Problem description:
What's needed is a word-for-word retyping of the entries below, pictures omitted.

[Data section — start]

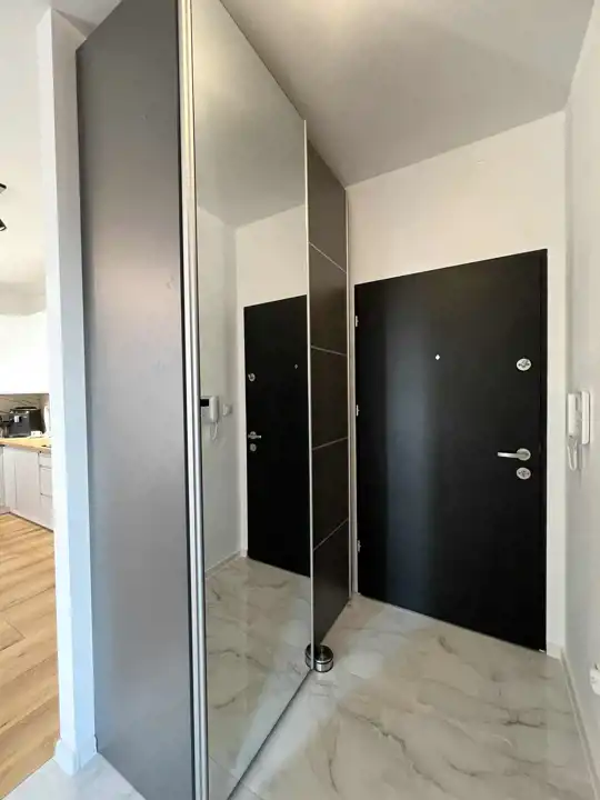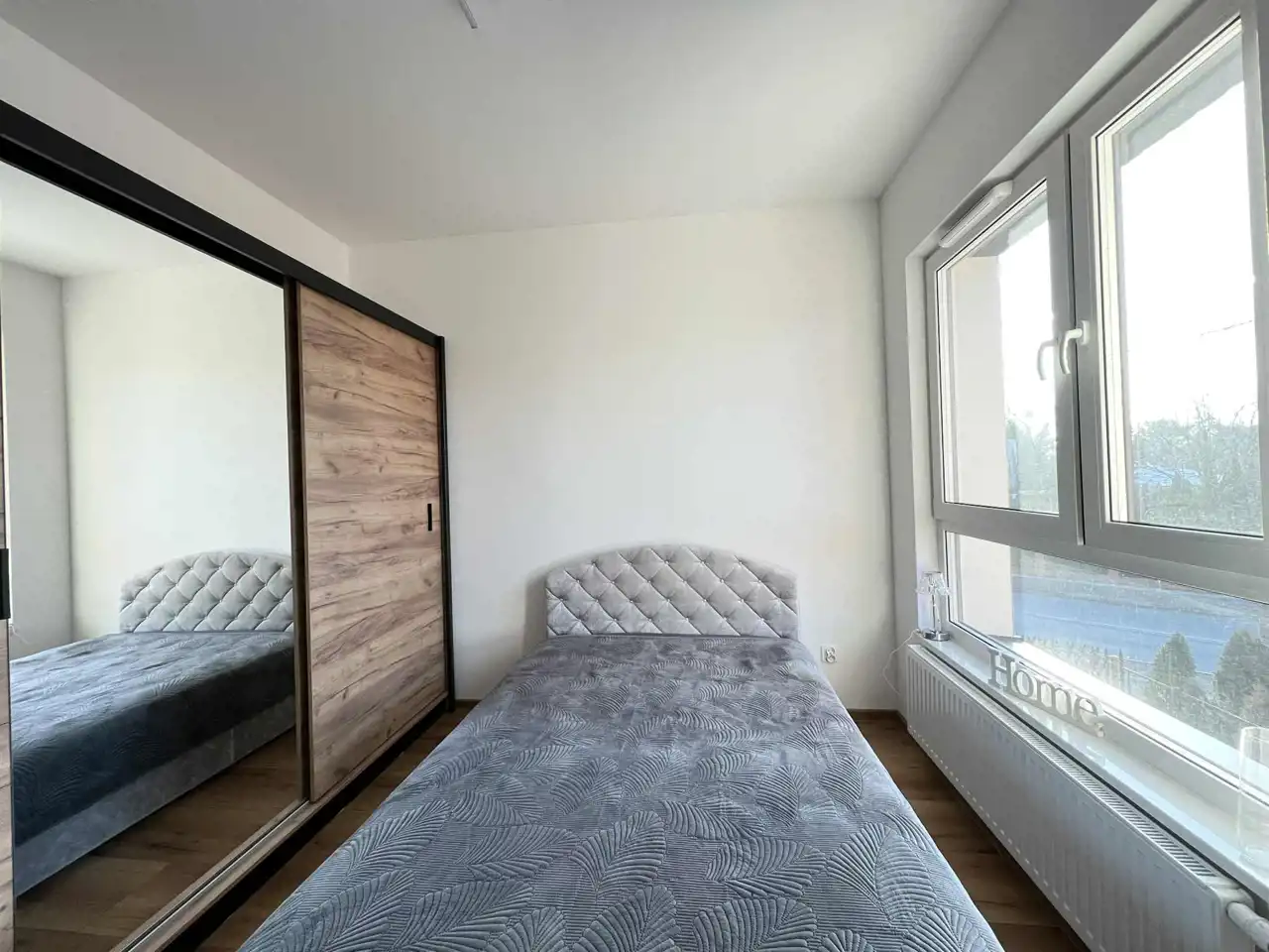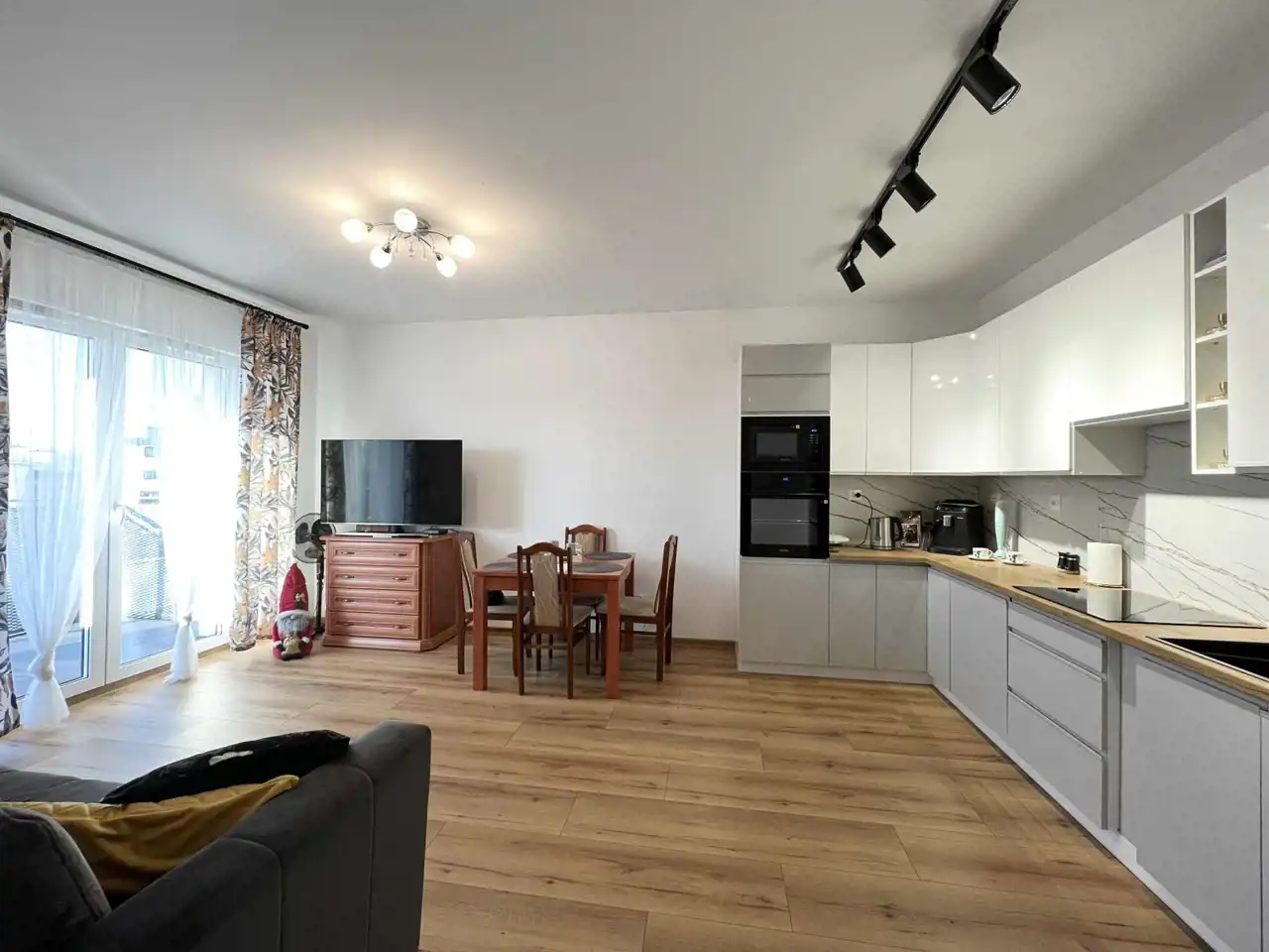 Mieszkanie kompletnie wyposażone ( naczynia, deska do prasowania, odkurzacz, żelazko). Nowoczesna zabudowa kucheni ze sprzętem AGD (lodówka, zmywarka, piekarnik, płyta, okap, ekspres do kawy). W sypialni i przedpokoju pojemne szafy.
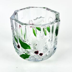 Mikasa Glass Votive Candle embossed Red green Holly berries Christmas home decor
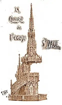 The commission was originally awarded to Geefs' younger brother Joseph, who completed L'ange du mal in 1842 and installed it the following year. It generated controversy at once and was criticized for not representing a Christian ideal.[8] The cathedral administration declared that "this devil is too sublime."[9] The local press intimated that the work was distracting the "pretty penitent girls" who should have been listening to the sermons.[10] Bishop van Bommel soon ordered the removal of L'ange du mal, and the building committee passed the commission for the pulpit sculpture to Guillaume Geefs, whose version was installed at the cathedral permanently in 1848.[11]
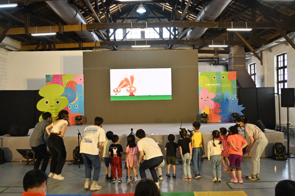 排練過後,正式的影片擬音開始了,透過設備進行現場的聲音錄製,再經由「紅豆哥哥」協助,擬音影片終於大功告成。在將成品送給影視國王之前,紅豆哥哥邀請大家一起欣賞影片。每個人專注地看著原本無聲的動畫,搭配上自己模仿的蜜蜂、小鳥、火箭,還有各種情境搭配的不同音效,透過「聲音」為影片增添了更多效/笑果,一旁的家長們也紛紛拿起手機拍攝孩子入迷的神情,親子們都充分感受到電影擬音的樂趣與成就感。
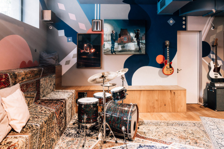 A gym in the basement allows for sporting activities, and on the first floor of the house there is even an in-house recording studio, where music is regularly produced and concerts are held.
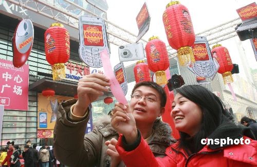 2月8日,人們在北京中關(guān)村競猜謎語。為迎接元宵佳節(jié),北京中關(guān)村舉行元宵燈謎會(huì),用“電腦”、“相機(jī)”、“鼠標(biāo)”、“手機(jī)”等造型懸掛的燈謎,吸引了不少市民駐足猜謎。中新社發(fā) 陳曉根 攝
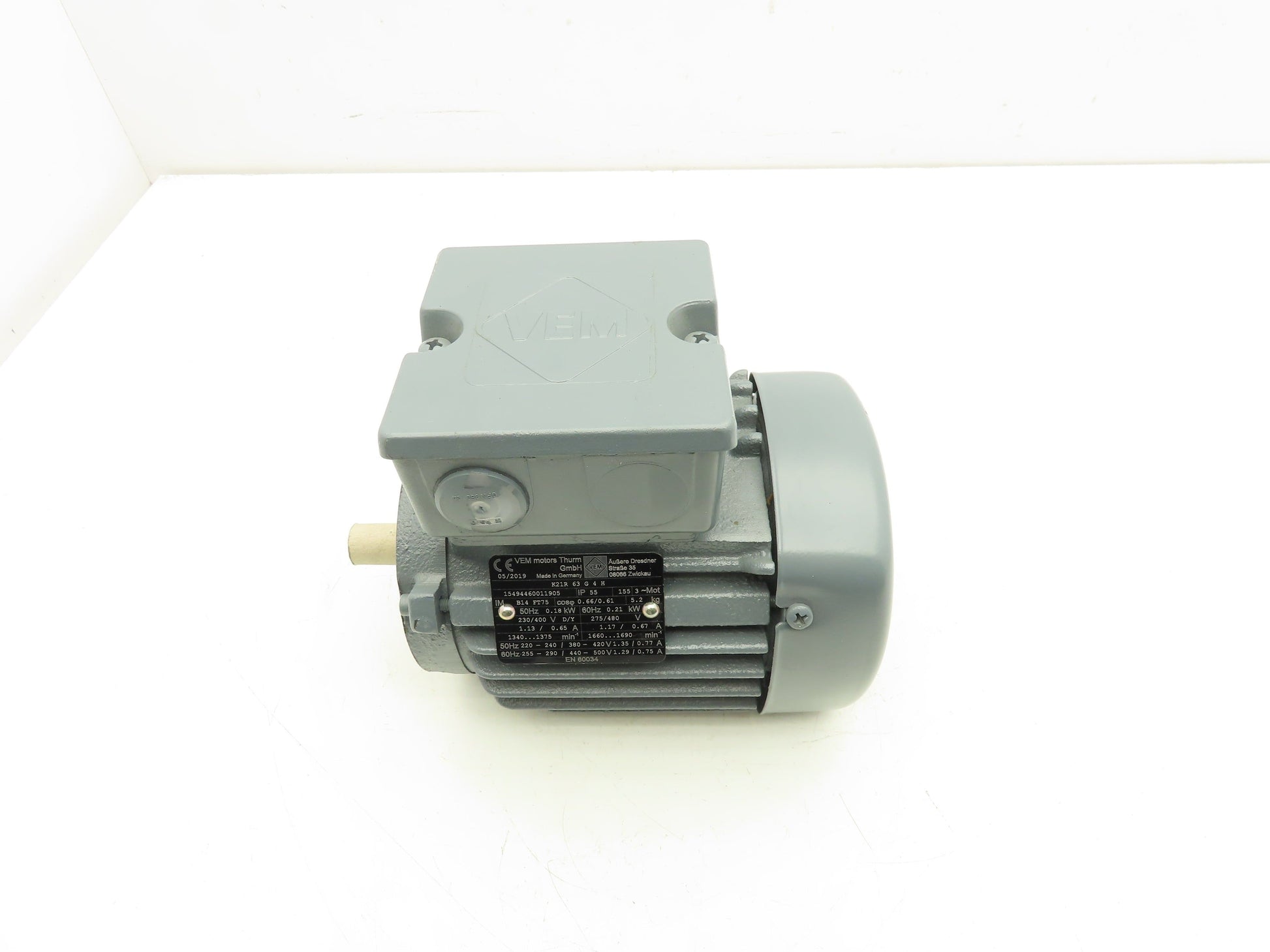 VEM K21R AC MOTOR 0.21kW 3PH 275/480VAC 1690RPM IEC 63 Frame IP55
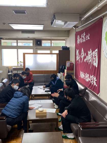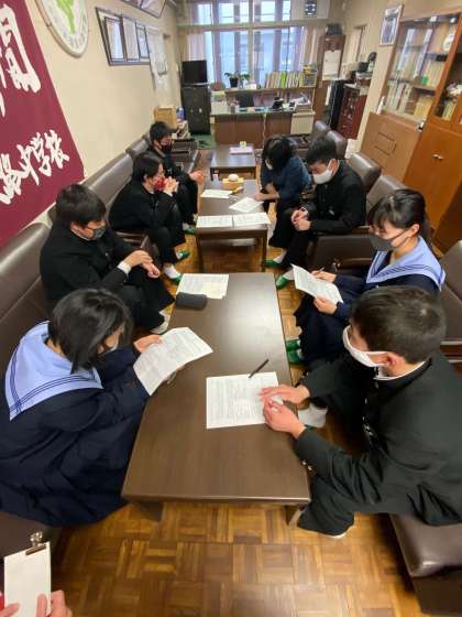 いつもは2年学習室で行われてきましたが、今回から校長室で校長先生もオブザーバー参加で行います。
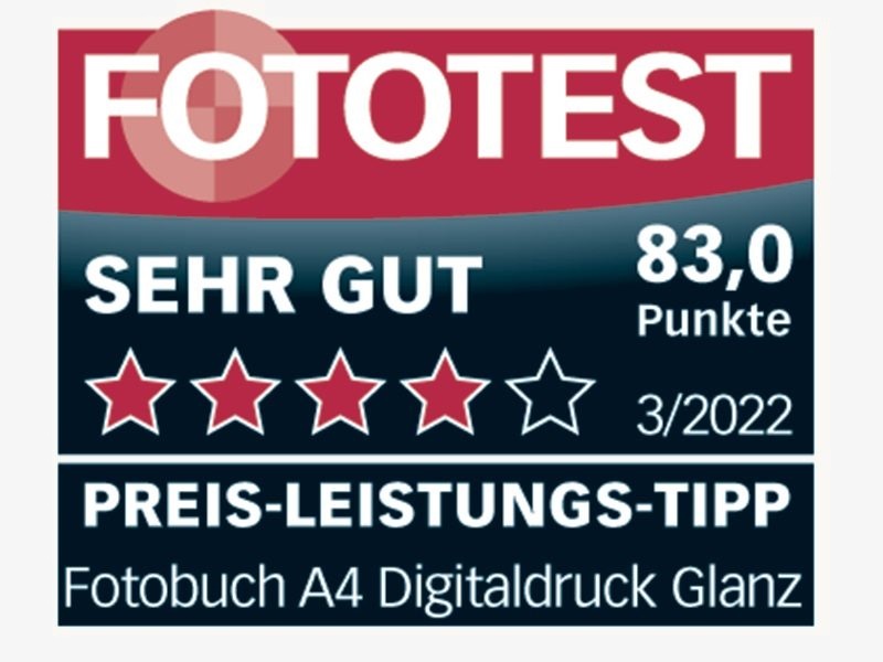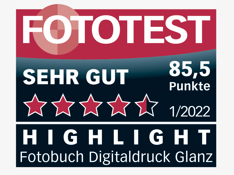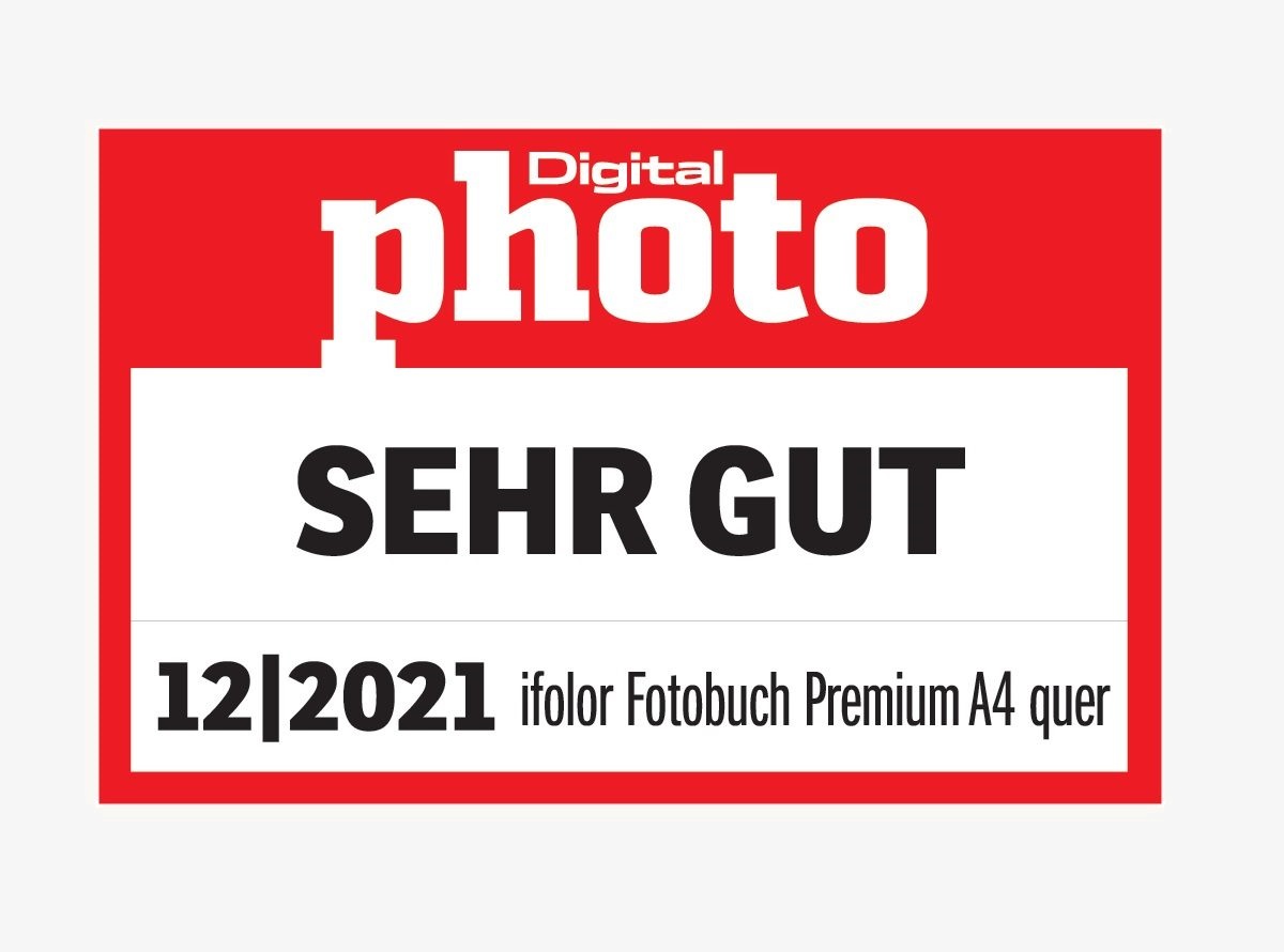 Erneut wurde das Fotobuch von ifolor im Fototest in der Ausgabe 01/2022 getestet und bewertet. Untersucht wurde das Fotobuch Deluxe 28x28cm, quadratisch, Digitaldruck, Innenseiten glänzend. Erzielt wird wieder das Testprädikat «SEHR GUT» mit einer Gesamtbewertung von 85.5/100 Punkten. Das Fotobuch ist mit schönem Vorsatzpapier ausgestattet und exakt verarbeitet. Die natürliche Schärfe, der minimale Druckraster sowie die tolle Farbwiedergabe werden als positiv bewertet.

[Data section — finish]

Result below:
 Mieszkanie kompletnie wyposażone ( naczynia, deska do prasowania, odkurzacz, żelazko). Nowoczesna zabudowa kucheni ze sprzętem AGD (lodówka, zmywarka, piekarnik, płyta, okap, ekspres do kawy). W sypialni i przedpokoju pojemne szafy.
 Mikasa Glass Votive Candle embossed Red green Holly berries Christmas home decor
 The commission was originally awarded to Geefs' younger brother Joseph, who completed L'ange du mal in 1842 and installed it the following year. It generated controversy at once and was criticized for not representing a Christian ideal.[8] The cathedral administration declared that "this devil is too sublime."[9] The local press intimated that the work was distracting the "pretty penitent girls" who should have been listening to the sermons.[10] Bishop van Bommel soon ordered the removal of L'ange du mal, and the building committee passed the commission for the pulpit sculpture to Guillaume Geefs, whose version was installed at the cathedral permanently in 1848.[11]
 排練過後,正式的影片擬音開始了,透過設備進行現場的聲音錄製,再經由「紅豆哥哥」協助,擬音影片終於大功告成。在將成品送給影視國王之前,紅豆哥哥邀請大家一起欣賞影片。每個人專注地看著原本無聲的動畫,搭配上自己模仿的蜜蜂、小鳥、火箭,還有各種情境搭配的不同音效,透過「聲音」為影片增添了更多效/笑果,一旁的家長們也紛紛拿起手機拍攝孩子入迷的神情,親子們都充分感受到電影擬音的樂趣與成就感。
 A gym in the basement allows for sporting activities, and on the first floor of the house there is even an in-house recording studio, where music is regularly produced and concerts are held.
 2月8日,人們在北京中關(guān)村競猜謎語。為迎接元宵佳節(jié),北京中關(guān)村舉行元宵燈謎會(huì),用“電腦”、“相機(jī)”、“鼠標(biāo)”、“手機(jī)”等造型懸掛的燈謎,吸引了不少市民駐足猜謎。中新社發(fā) 陳曉根 攝
 VEM K21R AC MOTOR 0.21kW 3PH 275/480VAC 1690RPM IEC 63 Frame IP55
 いつもは2年学習室で行われてきましたが、今回から校長室で校長先生もオブザーバー参加で行います。
 Erneut wurde das Fotobuch von ifolor im Fototest in der Ausgabe 01/2022 getestet und bewertet. Untersucht wurde das Fotobuch Deluxe 28x28cm, quadratisch, Digitaldruck, Innenseiten glänzend. Erzielt wird wieder das Testprädikat «SEHR GUT» mit einer Gesamtbewertung von 85.5/100 Punkten. Das Fotobuch ist mit schönem Vorsatzpapier ausgestattet und exakt verarbeitet. Die natürliche Schärfe, der minimale Druckraster sowie die tolle Farbwiedergabe werden als positiv bewertet.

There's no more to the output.